Not many people would want to live an isolated life in Death Valley. That's probably why so few people live in Darwin. Yet those we meet in the documentary film
Darwin seem to think it's the perfect place for them. The inhabitants of Darwin, all thirty-five of them (although we don't meet them all), came to the place in various ways. One came in the 1950s as a miner. Some left troubled pasts behind. Some came with hippie dreams of a place they could find their freedom. There is a transgendered man still in process of becoming male and his partner. It is an odd mix.
Darwin wasn't always this way. It reached a high of 3500 inhabitants late in the Nineteenth Century. It had another peak period in the mid Twentieth Century. Since the mine closed in the 1970s Darwin has seen all the commerce evaporate into the desert heat. There is also little government presence, except for the Post Office and welfare and disability checks. The town once had a reputation for lawlessness and violence. The town we see in the film is sedate, but there are hints at times that there are still some bad elements present.
Filmmaker Nick Brandestini developed the project after seeing some of the ghost towns in the Mojave Desert. He was interested in discovering what it was like to live in such a place. As he made trips to Darwin to film interviews he found a welcome. From the interviews we see, it is clear Brandestini established trust with the residents. Some of them are very open talking about their pasts.
One resident says that what makes Darwin such a good place is that people only judge "who you are today." Here is a place where the past need not be a hindrance. Perhaps because so many people have things in their lives they would like to put behind them, they are willing to allow others the same treatment.

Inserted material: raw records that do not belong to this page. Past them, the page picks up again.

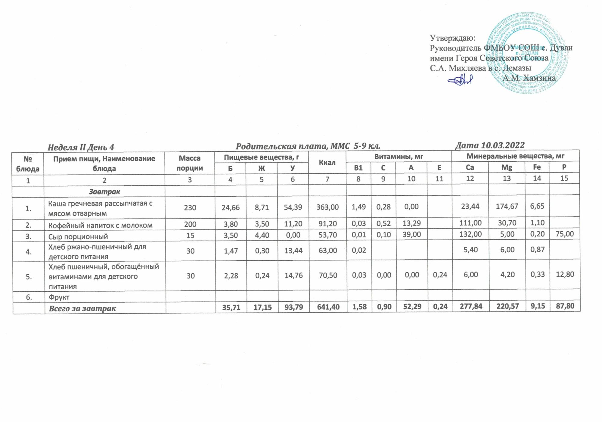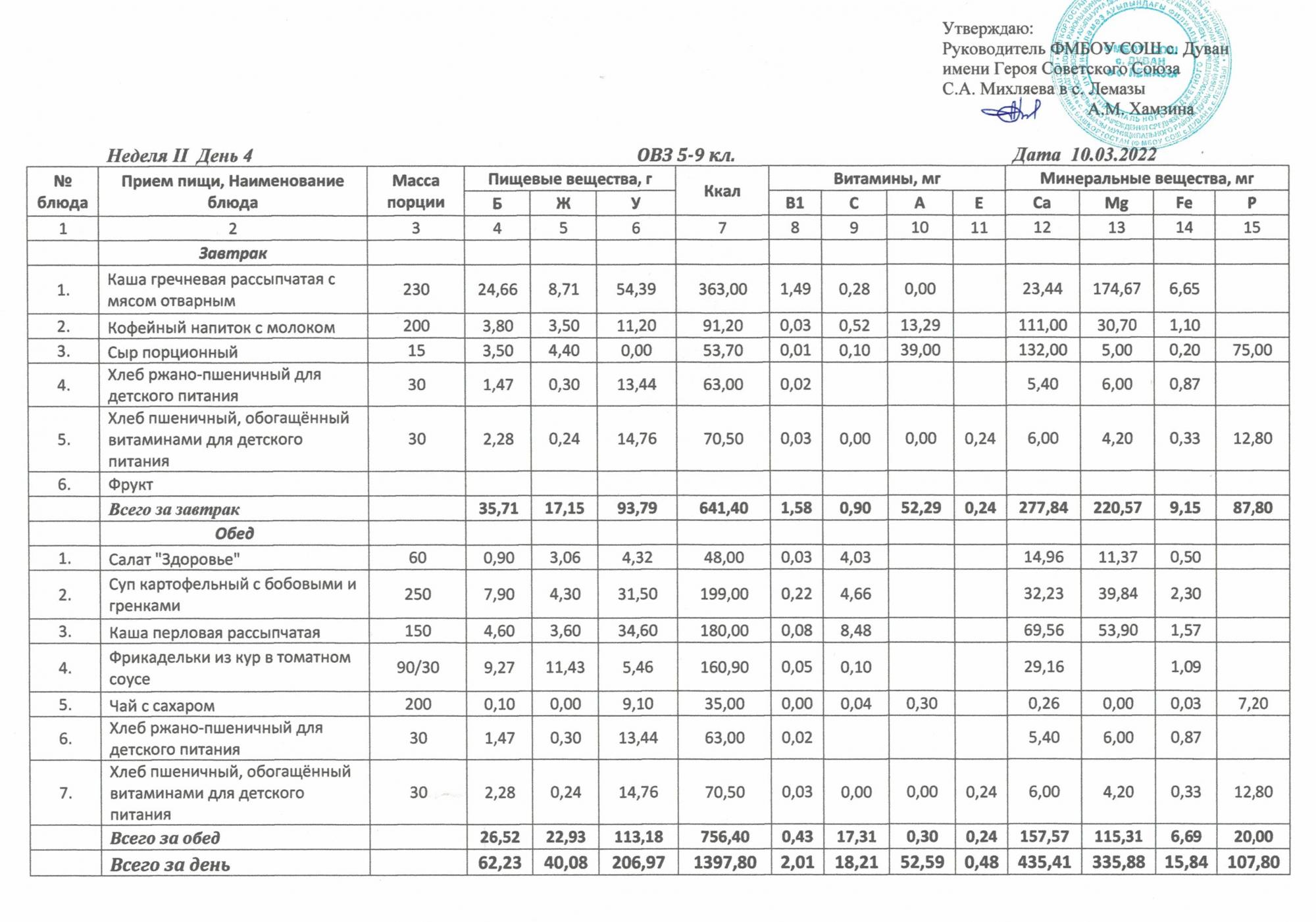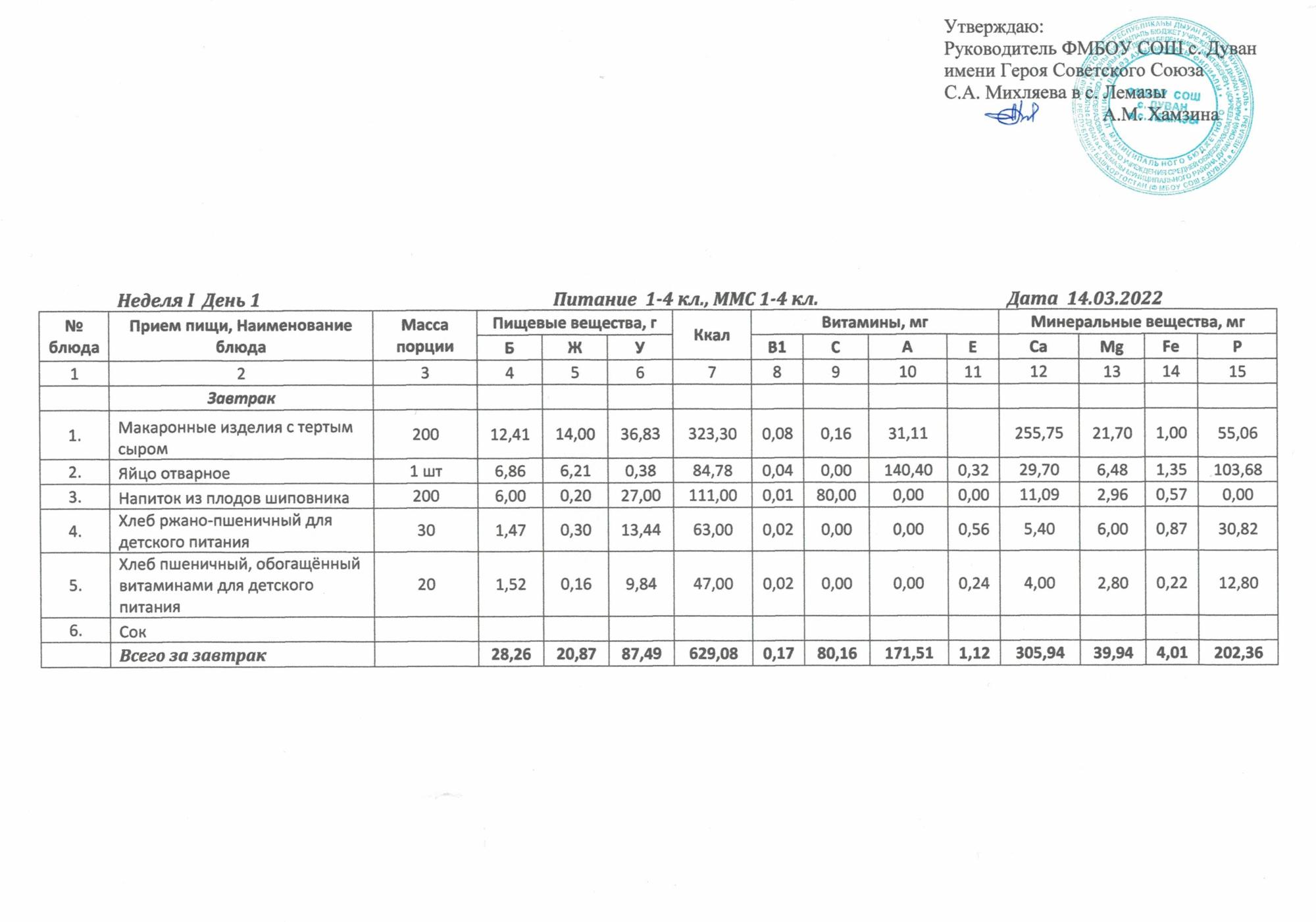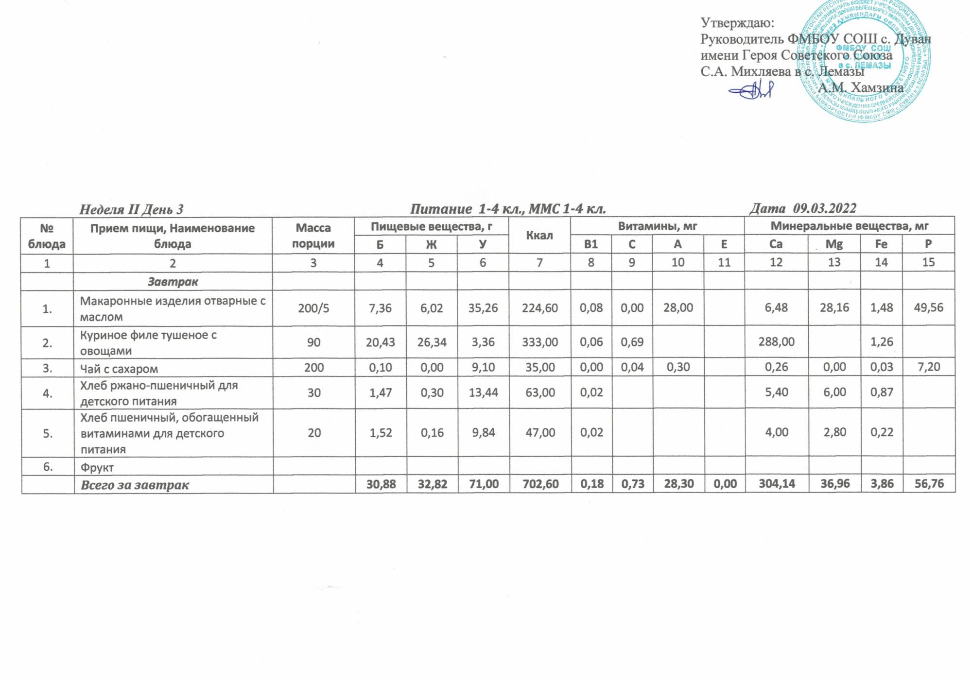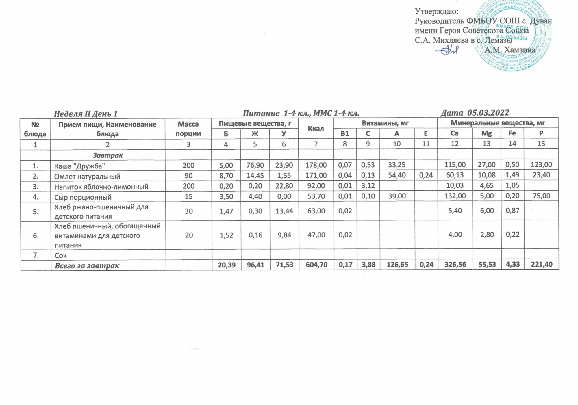 Утверждённое ежедневное меню и фото
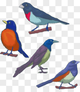 手绘黄蓝色羽毛小鸟
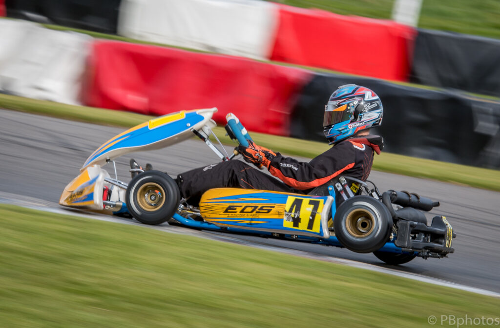 As the race approached its climax all eyes were on the two out in front as Ives was pressuring Tomsett for the lead, with the last few laps providing some quality close kart racing at its best between the two. The win eventually went to a delighted Ives, with Tomsett in 2nd who left Lydd with an early championship point’s lead. Gethen was resolute in his efforts to hold onto the final podium position and managed to succeed in the end with 3rd. Gafoor lost out during the battle for 3rd and ended 5th on the road behind the flying Russell in 4th.
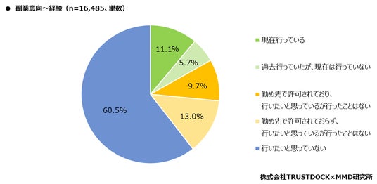 20~69歳の男女20,000人を対象に、副業経験について「分からない、答えられない」と回答した人を除いた16,485人の副業意向~経験までを聞いたところ(「わからない、答えられない」を除く)、「現在行っている」と「過去行っていたが、現在は行っていない」を合わせた副業経験者は16.8%となった。「勤め先で許可されており、行いたいと思っているが行ったことはない」と「勤め先で許可されておらず、行いたいと思っているが行ったことはない」を合わせた副業意向があるが未経験の人は22.7%となった。
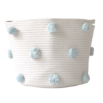 The Light Blue Pom basket is the perfect addition to any room in your home. With endless possibilities, this basket can be used in so many ways. Outfit a potted plant, store rolled up blankets or, even your little one’s toys. Hide the clutter without sacrificing style. Each basket features 12 hand-dyed poms in a beautiful shade of light blue-grey.
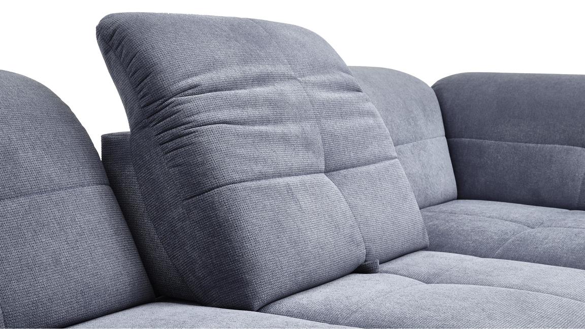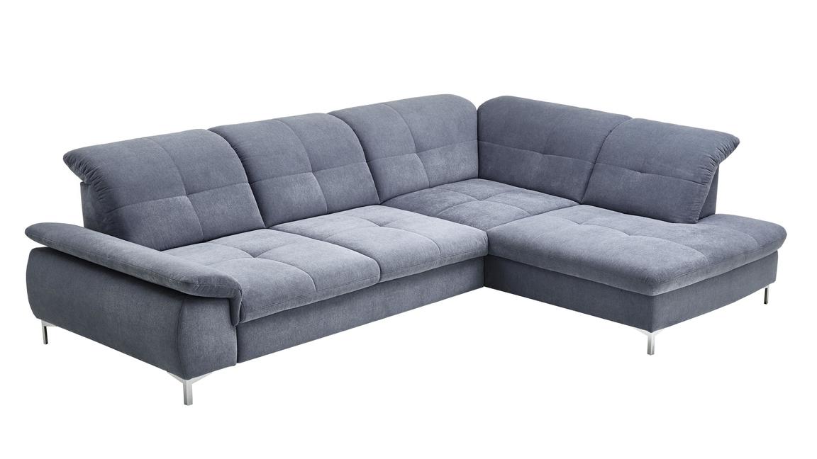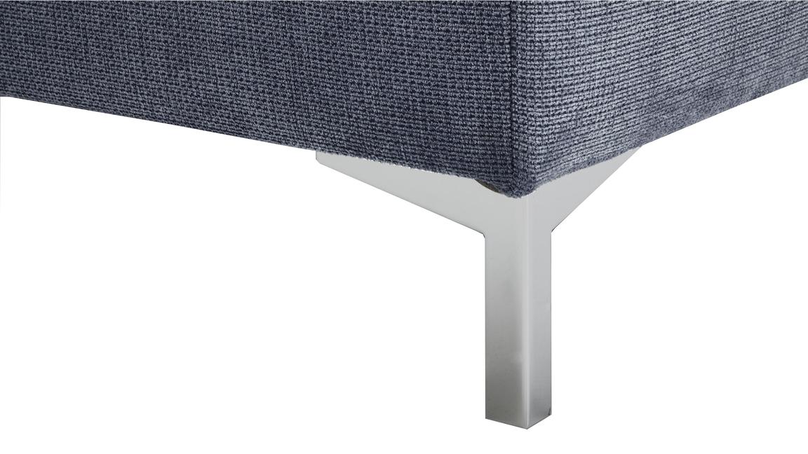 Die qualitativ hochwertige Eckkombination begeistert durch erstklassige Materialien und ansprechende Designmerkmale. Als Basis fungieren verchromte Metallfüße - sie schaffen die nötige Stabilität. Der Korpus ist mit blaugrauem Stoff bezogen, der dem Ecksofa eine besonders elegante Ausstrahlung verleiht. Einen stilvollen Akzent setzen die Steppnähte auf der Sitzfläche.
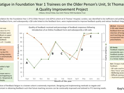 Introduction: On designing and leading the Foundation Year 1 (FY1) Older Person’s Unit (OPU) teaching programme at St Thomas’ Hospital, London (STH), it was identified that the method of feedback collation was inefficient and yielding poor quality feedback from FY1s. Feedback fatigue was high. Plan: FY1 trainees were initially asked to complete feedback for their FY1 OPU teaching on paper forms. This yielded a high response rate (100% of forms completed), but feedback quality was poor. The time taken to collate responses from the paper feedback forms was disproportionate to the quality of
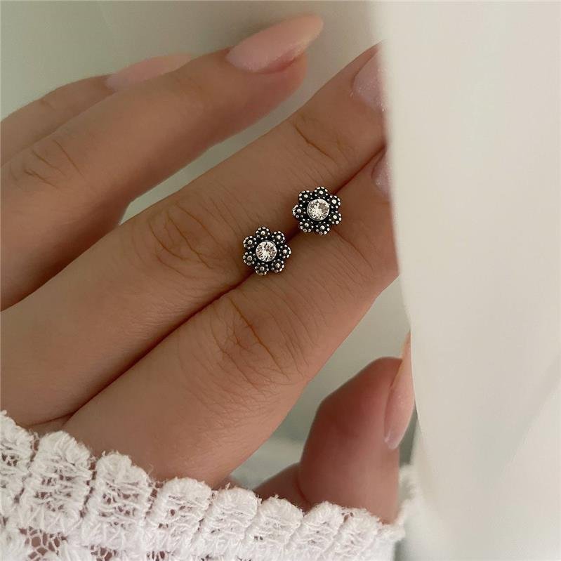 Brinco de florzinha prata bali com zircônia no meio e detalhes em bolinhas. Brinco com tarracha. Pino no meio. Confeccionado em Prata 925.Medidas:

But that doesn't mean that Darwin is a utopia. In our visits with the denizens we hear of drug problems. We observe grief. We see people who struggle with who they are. In short we see people very like us, even in their eccentricities.
The film's pace reflects the life in Darwin. This is not a film that has every moment packed with action. We get to spend some time seeing the beauty the desert holds. We get to share in the leisurely life of being in the middle of nowhere.
I'm not anxious to move to Darwin, but the film has allowed me to see the way that some people find a freedom from the demons that had threatened their happiness before they came here.